• [What is required]
In the entries that follow, find the line containing "2025.12.07为深入贯"; from there, copy every line exactly through the line containing "Envoyez par email".
Start of Record extracts
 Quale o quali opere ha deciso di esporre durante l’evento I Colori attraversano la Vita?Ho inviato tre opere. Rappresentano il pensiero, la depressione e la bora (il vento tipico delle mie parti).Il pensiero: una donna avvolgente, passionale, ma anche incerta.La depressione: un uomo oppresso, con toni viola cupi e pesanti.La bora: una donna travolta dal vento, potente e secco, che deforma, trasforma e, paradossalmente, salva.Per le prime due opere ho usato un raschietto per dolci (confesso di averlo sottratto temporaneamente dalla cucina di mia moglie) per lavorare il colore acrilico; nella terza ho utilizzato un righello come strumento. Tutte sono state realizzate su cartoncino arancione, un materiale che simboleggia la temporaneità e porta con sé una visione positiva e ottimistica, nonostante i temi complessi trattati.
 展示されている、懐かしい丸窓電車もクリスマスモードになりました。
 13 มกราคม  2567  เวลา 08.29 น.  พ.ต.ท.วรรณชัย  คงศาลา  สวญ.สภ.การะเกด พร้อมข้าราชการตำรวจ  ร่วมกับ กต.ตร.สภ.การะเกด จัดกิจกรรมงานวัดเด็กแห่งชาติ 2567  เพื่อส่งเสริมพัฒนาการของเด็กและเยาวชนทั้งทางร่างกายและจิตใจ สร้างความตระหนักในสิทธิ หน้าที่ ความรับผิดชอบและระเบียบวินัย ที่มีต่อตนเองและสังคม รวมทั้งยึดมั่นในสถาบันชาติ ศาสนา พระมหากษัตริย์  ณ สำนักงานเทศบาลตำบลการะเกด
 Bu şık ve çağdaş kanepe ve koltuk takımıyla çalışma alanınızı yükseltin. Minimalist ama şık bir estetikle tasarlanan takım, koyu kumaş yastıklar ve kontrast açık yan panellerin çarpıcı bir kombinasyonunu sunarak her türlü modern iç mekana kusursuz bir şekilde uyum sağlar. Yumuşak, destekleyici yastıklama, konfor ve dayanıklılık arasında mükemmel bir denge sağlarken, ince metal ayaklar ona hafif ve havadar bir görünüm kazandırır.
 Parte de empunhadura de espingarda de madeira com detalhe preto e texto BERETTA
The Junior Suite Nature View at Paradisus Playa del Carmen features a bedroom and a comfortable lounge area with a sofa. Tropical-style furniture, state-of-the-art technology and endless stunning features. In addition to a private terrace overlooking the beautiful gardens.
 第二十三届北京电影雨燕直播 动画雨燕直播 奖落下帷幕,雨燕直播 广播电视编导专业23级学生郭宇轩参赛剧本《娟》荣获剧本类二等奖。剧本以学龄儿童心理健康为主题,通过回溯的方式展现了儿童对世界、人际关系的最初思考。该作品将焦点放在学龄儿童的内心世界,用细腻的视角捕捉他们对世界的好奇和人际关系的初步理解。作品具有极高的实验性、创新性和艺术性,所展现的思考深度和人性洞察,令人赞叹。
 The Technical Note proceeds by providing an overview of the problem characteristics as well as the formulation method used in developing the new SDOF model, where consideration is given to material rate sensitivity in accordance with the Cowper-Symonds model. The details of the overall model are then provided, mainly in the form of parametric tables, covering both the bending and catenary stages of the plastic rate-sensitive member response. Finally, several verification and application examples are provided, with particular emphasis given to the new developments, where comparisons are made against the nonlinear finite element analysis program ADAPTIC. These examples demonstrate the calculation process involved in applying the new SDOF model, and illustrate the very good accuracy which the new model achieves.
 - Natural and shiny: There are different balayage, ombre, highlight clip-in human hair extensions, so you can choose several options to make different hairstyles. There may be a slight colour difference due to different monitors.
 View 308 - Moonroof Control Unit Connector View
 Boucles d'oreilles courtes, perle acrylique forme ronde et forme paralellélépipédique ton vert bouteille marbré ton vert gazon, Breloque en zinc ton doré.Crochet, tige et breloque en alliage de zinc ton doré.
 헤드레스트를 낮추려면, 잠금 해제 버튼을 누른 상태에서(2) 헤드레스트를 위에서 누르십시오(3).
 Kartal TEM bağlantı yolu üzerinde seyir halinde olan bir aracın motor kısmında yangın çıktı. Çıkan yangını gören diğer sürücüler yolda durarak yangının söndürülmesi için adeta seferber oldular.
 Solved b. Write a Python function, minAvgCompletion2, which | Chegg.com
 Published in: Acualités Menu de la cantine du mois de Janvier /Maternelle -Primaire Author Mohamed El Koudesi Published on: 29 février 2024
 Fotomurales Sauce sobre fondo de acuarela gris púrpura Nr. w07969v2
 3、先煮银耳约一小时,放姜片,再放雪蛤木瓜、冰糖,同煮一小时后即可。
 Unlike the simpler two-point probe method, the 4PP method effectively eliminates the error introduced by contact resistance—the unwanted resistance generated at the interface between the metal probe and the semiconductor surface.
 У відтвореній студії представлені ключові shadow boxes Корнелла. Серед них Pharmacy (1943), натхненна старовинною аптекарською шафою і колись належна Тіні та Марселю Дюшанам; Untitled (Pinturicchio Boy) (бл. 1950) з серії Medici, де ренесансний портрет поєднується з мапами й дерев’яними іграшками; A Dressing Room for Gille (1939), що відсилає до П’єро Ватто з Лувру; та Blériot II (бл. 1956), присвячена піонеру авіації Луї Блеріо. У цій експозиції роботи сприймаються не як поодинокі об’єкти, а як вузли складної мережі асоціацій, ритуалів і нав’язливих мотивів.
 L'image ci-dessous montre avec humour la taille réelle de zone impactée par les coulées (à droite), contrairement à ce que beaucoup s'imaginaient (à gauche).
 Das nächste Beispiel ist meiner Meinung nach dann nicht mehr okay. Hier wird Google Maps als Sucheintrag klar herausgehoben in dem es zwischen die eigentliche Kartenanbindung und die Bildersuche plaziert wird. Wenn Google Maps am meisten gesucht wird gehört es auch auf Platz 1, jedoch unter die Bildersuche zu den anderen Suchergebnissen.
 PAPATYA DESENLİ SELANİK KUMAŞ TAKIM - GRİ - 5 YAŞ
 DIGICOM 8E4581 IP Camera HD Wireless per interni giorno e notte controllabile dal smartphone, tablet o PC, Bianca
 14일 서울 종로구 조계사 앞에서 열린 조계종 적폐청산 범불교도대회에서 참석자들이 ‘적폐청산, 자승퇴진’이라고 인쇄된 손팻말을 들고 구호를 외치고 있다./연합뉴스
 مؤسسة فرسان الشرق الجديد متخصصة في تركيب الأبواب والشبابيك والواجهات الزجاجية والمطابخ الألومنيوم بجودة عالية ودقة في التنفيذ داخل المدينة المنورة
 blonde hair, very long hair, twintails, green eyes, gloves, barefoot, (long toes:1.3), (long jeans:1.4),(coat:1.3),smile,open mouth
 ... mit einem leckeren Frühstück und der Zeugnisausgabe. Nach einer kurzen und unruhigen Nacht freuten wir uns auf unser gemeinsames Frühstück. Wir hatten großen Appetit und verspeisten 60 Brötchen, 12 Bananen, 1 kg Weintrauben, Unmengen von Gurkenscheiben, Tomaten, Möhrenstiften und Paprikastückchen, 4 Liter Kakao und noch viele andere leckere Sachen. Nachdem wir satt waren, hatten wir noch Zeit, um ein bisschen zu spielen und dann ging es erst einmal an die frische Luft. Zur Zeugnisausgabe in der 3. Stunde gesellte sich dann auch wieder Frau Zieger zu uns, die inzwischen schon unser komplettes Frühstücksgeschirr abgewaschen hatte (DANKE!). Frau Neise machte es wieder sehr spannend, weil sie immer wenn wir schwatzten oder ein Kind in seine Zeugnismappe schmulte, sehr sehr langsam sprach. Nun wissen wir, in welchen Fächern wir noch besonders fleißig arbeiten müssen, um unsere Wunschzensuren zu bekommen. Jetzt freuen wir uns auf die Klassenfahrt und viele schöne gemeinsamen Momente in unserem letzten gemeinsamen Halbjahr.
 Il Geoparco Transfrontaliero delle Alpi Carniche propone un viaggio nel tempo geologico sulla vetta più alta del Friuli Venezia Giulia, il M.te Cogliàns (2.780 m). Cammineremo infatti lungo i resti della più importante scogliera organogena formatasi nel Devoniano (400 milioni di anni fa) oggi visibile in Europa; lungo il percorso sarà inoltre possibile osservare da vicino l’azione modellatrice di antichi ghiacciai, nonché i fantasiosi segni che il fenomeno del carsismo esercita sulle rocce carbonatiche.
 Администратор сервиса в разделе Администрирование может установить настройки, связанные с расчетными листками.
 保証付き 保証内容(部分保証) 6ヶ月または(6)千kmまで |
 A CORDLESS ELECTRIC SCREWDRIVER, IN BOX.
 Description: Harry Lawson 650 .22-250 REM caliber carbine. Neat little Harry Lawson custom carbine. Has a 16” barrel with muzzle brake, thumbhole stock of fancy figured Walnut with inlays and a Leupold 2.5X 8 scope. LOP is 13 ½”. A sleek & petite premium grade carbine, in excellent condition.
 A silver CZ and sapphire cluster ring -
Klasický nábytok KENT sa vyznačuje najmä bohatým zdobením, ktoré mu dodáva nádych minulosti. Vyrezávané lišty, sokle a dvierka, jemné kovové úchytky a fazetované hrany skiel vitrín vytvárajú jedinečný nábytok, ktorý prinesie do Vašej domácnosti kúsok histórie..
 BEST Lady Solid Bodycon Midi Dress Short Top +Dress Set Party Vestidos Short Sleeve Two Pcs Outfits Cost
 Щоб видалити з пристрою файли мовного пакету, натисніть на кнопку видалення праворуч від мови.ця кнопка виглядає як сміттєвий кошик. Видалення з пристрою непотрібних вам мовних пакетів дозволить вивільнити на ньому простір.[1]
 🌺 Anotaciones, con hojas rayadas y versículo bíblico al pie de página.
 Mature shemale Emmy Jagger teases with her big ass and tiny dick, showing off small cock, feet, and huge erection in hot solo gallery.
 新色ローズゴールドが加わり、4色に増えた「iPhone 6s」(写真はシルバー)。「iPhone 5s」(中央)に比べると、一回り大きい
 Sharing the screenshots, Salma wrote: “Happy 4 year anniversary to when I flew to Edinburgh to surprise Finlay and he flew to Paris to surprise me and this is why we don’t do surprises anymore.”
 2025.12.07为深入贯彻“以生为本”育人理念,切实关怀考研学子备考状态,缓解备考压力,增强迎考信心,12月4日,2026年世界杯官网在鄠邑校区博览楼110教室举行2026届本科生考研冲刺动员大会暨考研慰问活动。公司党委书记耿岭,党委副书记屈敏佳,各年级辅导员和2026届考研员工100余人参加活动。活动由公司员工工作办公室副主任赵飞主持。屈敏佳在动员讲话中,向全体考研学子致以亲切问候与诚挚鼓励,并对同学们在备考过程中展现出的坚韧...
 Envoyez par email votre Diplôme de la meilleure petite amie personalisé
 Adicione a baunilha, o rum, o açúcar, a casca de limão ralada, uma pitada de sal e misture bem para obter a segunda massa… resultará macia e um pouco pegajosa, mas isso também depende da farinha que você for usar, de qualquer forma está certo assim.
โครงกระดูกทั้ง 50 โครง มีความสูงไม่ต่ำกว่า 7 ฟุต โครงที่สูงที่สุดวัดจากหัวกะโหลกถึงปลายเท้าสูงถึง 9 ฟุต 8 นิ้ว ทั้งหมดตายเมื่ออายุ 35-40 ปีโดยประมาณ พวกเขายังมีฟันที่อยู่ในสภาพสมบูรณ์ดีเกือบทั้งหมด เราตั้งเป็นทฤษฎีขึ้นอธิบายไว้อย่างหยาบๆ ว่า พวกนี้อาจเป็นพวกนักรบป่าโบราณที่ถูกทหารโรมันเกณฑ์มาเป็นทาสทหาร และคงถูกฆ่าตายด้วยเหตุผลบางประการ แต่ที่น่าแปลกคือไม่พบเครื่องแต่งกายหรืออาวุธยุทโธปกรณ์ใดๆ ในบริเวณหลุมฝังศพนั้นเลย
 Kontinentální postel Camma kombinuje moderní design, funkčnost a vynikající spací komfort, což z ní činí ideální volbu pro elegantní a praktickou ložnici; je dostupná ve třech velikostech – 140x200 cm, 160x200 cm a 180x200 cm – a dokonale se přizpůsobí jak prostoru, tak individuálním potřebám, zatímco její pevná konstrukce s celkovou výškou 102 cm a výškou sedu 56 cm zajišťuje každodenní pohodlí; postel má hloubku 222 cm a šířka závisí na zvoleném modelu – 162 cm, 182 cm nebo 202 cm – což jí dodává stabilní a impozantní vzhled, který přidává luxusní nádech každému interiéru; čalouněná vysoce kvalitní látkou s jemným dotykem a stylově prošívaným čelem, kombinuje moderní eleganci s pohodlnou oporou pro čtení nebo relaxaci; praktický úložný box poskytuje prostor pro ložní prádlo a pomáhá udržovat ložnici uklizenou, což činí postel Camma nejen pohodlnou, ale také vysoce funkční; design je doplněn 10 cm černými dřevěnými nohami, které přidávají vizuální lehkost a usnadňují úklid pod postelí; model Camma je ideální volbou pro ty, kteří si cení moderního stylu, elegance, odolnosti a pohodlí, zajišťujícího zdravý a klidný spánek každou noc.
End of Record extracts
• [Solved problem]
 2025.12.07为深入贯彻“以生为本”育人理念,切实关怀考研学子备考状态,缓解备考压力,增强迎考信心,12月4日,2026年世界杯官网在鄠邑校区博览楼110教室举行2026届本科生考研冲刺动员大会暨考研慰问活动。公司党委书记耿岭,党委副书记屈敏佳,各年级辅导员和2026届考研员工100余人参加活动。活动由公司员工工作办公室副主任赵飞主持。屈敏佳在动员讲话中,向全体考研学子致以亲切问候与诚挚鼓励,并对同学们在备考过程中展现出的坚韧...
 Envoyez par email votre Diplôme de la meilleure petite amie personalisé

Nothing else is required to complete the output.